BRIEF: Below is a listing; write it out exactly and drop any images from it.

RECORDS FOR THE TASK:
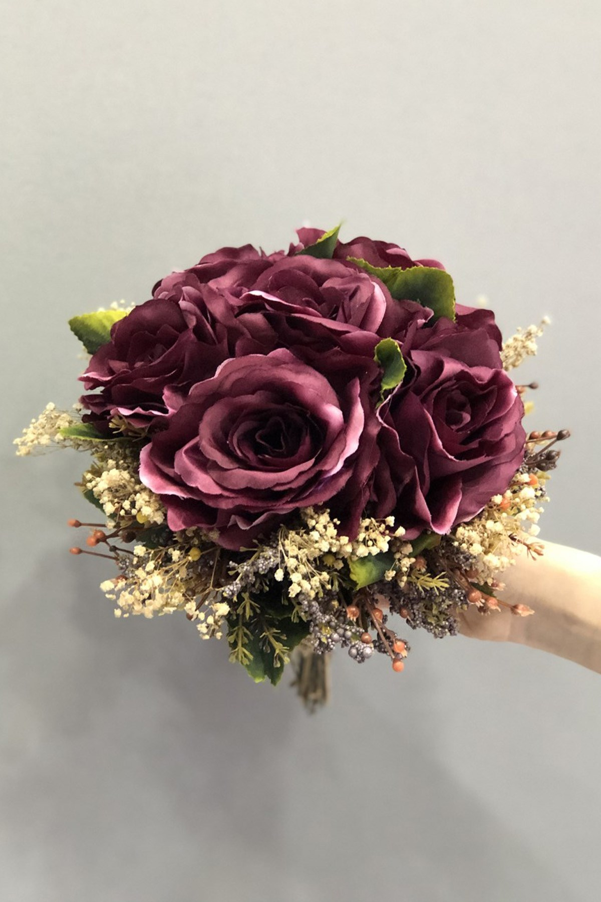 Doğal Ve Yapay Çiçek Karışımı Mürdüm Yapay ve Kuru Çiçekli Gelin Çiçegi
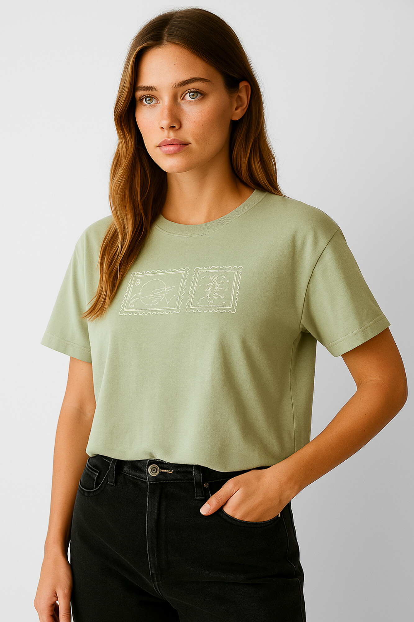 $ 407 Nuevos Recibilo en Remera manga corta de algodon, recurso bordado, bordado, holgado y cuello a la base
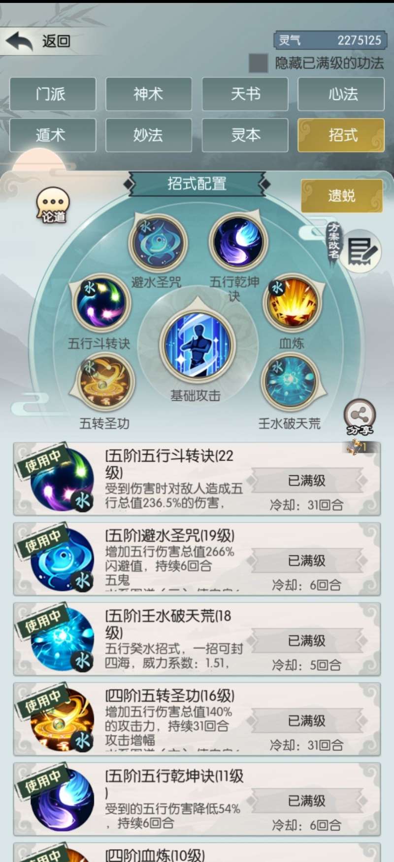 招式选择五转五斗五鬼五乾血炼主五,尽量保证前五个技能都有图谱加成,前两个招式最好是6回合以上保证两次平A打出阴30效果。神通不动剑胎藏锋。
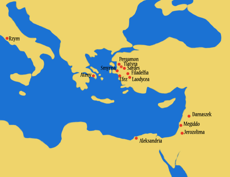 „ To, co widzisz, zapisz w księdze i wyślij do siedmiu zborów: do Efezu i do Smyrny, i do Pergamonu, i do Tiatyry, i do Sardes, i do Filadelfii, i do Laodycei”. Ap 1.11
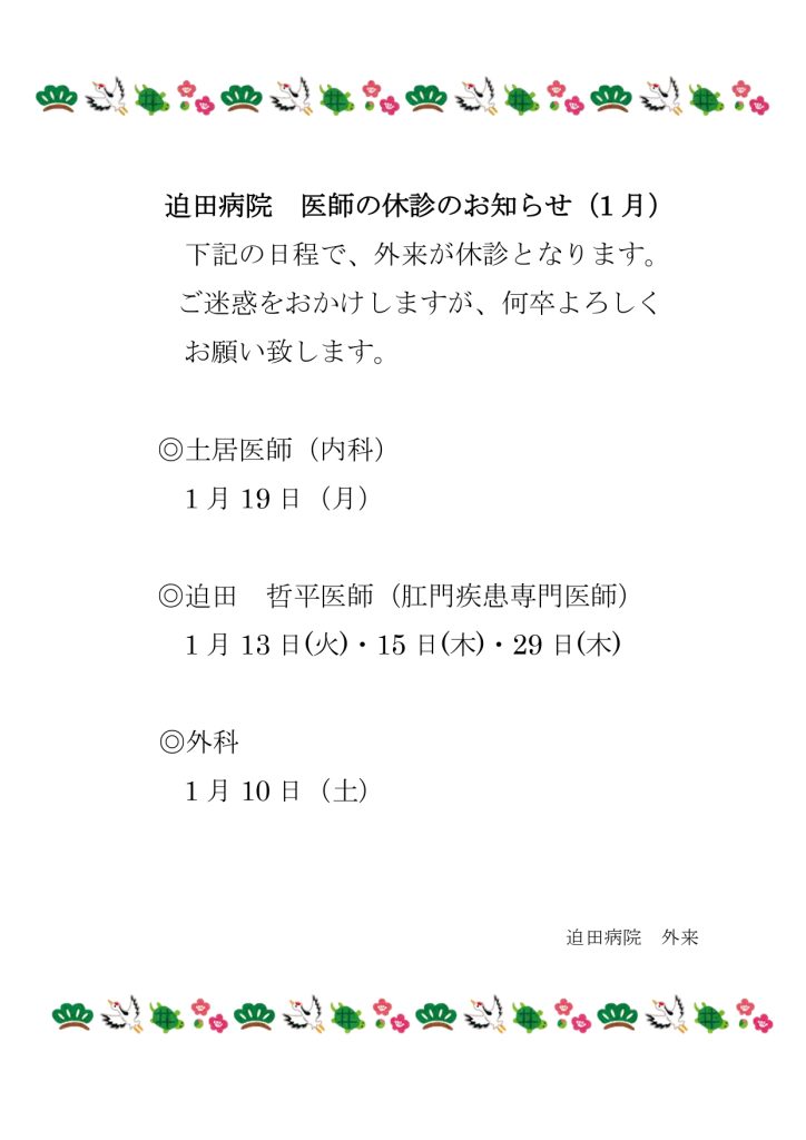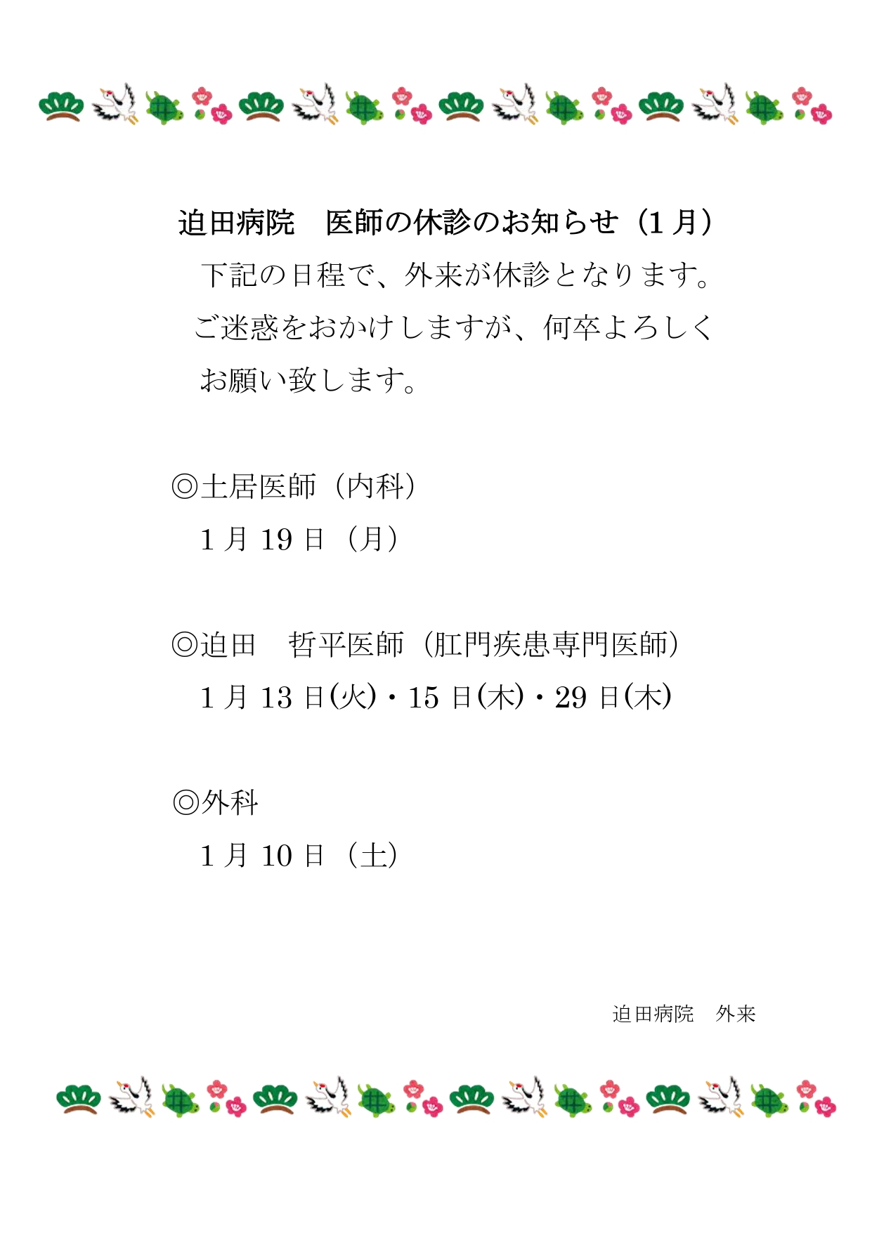 【迫田病院】1月10日(土)の外科外来休診のお知らせ

ANSWER BOX:
 Doğal Ve Yapay Çiçek Karışımı Mürdüm Yapay ve Kuru Çiçekli Gelin Çiçegi
 $ 407 Nuevos Recibilo en Remera manga corta de algodon, recurso bordado, bordado, holgado y cuello a la base
 招式选择五转五斗五鬼五乾血炼主五,尽量保证前五个技能都有图谱加成,前两个招式最好是6回合以上保证两次平A打出阴30效果。神通不动剑胎藏锋。
 „ To, co widzisz, zapisz w księdze i wyślij do siedmiu zborów: do Efezu i do Smyrny, i do Pergamonu, i do Tiatyry, i do Sardes, i do Filadelfii, i do Laodycei”. Ap 1.11
 【迫田病院】1月10日(土)の外科外来休診のお知らせ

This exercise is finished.